Our results show that deep learning did not perform better than machine learning to build diagnostic algorithms. This represents important information for future medico-economic database studies in airway diseases. Indeed, RNN is usually adapted to longitudinal repetition of data, and sequences of health care delivery [37]. However, in our study, this approach did not bring additional value, underlining that the information used for the classical machine learning approach was enough to discriminate asthma from COPD. This could be explained by a training based on a dataset limited to outpatient care provided by a GP only or a pulmonologist only. Indeed, RNN could provide additional value when all the sequences of health care delivery are taken into consideration, but this remains to be further tested.

Our study has several strengths that contribute to its originality. Firstly, with only few data (i.e., sex, age and patients’ medications), we were able to develop an algorithm with an acceptable accuracy for correct identification of asthma and COPD patients. In addition, the size and representation of the LRx database confer generalizability to the present results.

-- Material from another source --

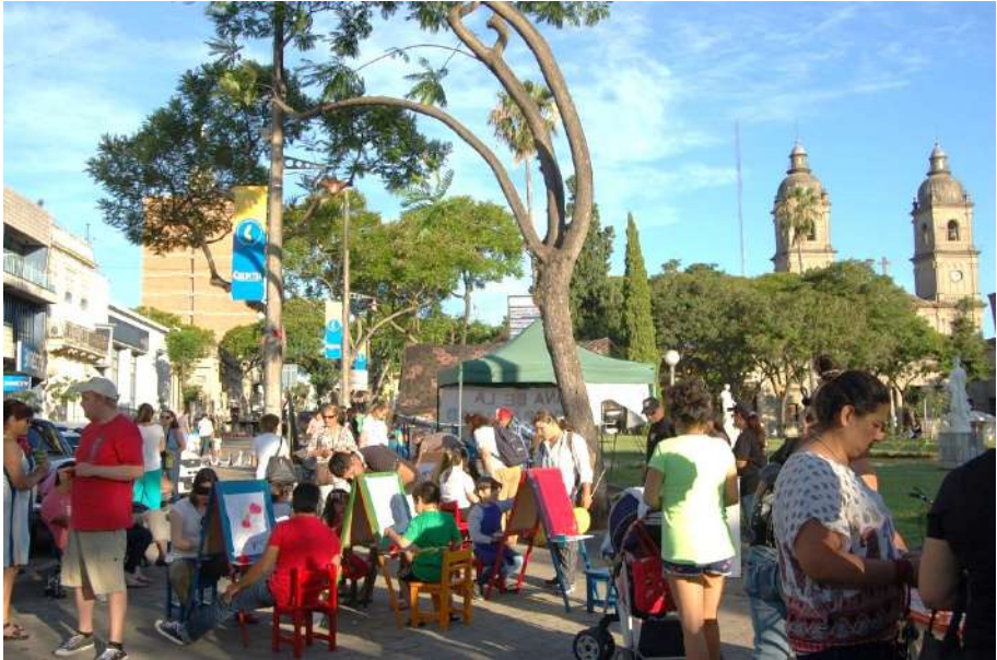
Feria Social durante la mesa de la Paz de Salto, 2018.

The study also faces several limitations. The relatively high proportion of patients receiving R03 treatment who are not classified by physicians illustrates the diagnostic difficulties and potentially decreases the relevance of our gold standard population. This observation also needs to be put in the perspective of the marked under-diagnosis of COPD and of the lack of individual verification of medical files. In addition, models trained using asthma only or COPD only patients could have a better accuracy (i.e. > 90%, data not shown), but the challenge of overtraining needs to be questioned regarding the reality of clinical practice. The arbitrarily-defined cutoff of 2 R03 prescriptions to identify the population used to develop the algorithm could also be questioned. A sensitivity analysis was performed with cutoffs of 3 or 4 R03 prescriptions; this did not have any impact on the confusion matrix whatever the method used (data not shown). As in many health services research, case verification using chart abstraction was used to validate case definitions of asthma, COPD or both [36]. Knowing that most charts came from GP’s, the validity of our gold standard can be questioned [38]. However, in this context, the gold standard needs to be a sequence of validation processes based on history and medical course. Indeed, both our gold standard and algorithm were not based only on a single medical visit and prescription, but on a continuum of follow up over 2 years.

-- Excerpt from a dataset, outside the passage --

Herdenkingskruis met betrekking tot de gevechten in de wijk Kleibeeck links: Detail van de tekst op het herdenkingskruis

Moreover,LPD database describes only the patient trajectory seen by a general practitioner or a pulmonologist while LRx database describes the overall management whatever the physician and type of clinical setting. Although this could introduce some heterogeneity, it does not decrease the value of results.

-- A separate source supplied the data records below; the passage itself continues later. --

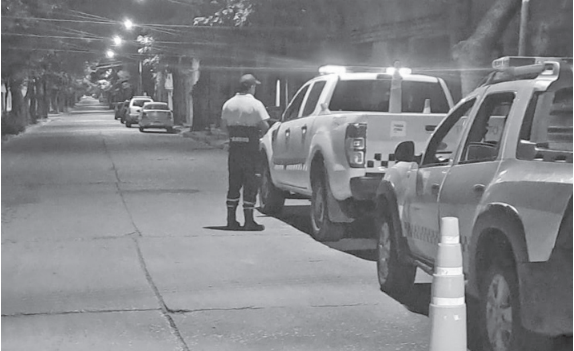
Uno de los controles de alcoholemia dio 2.62 en un conductor de automóvil.

En la madrugada del 25 no se registraron incidentes en nuestra ciudad. En el Hospital San José, si bien se advirtió un movimiento mayor en la Guardia, no se ha habido ingresos ni intervenciones de gravedad. Varios conductores dieron positivo de alcoholemia.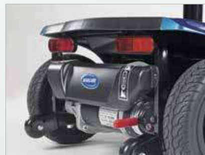
Iluminación de alta calidad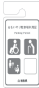
おもいやり駐車場利用証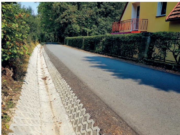
fol. ul. Leśna

Finally, our algorithm was not tested against an expert clinical diagnosis. The purpose of real-life studies performed using such databases can be to analyze data from patients “treated as” asthma or COPD, or to consider patients with a confirmed expert diagnosis of asthma or COPD. Our results apply only to the first of these types of populations, and additional studies are needed to explore their relevance in patients with a “gold standard” diagnosis.

In conclusion, this database study showed that an algorithm with acceptable accuracy can be developed to identify asthma and COPD in medico-administrative databases from which the medical diagnosis is absent. Deep learning and machine learning had similar performances in this regard. Applied to such databases, the algorithm could prove useful to estimate the burden of these diseases and to analyze clinical practice over time. Further studies are required to test the model in other populations and refine the diagnostic criteria proposed here.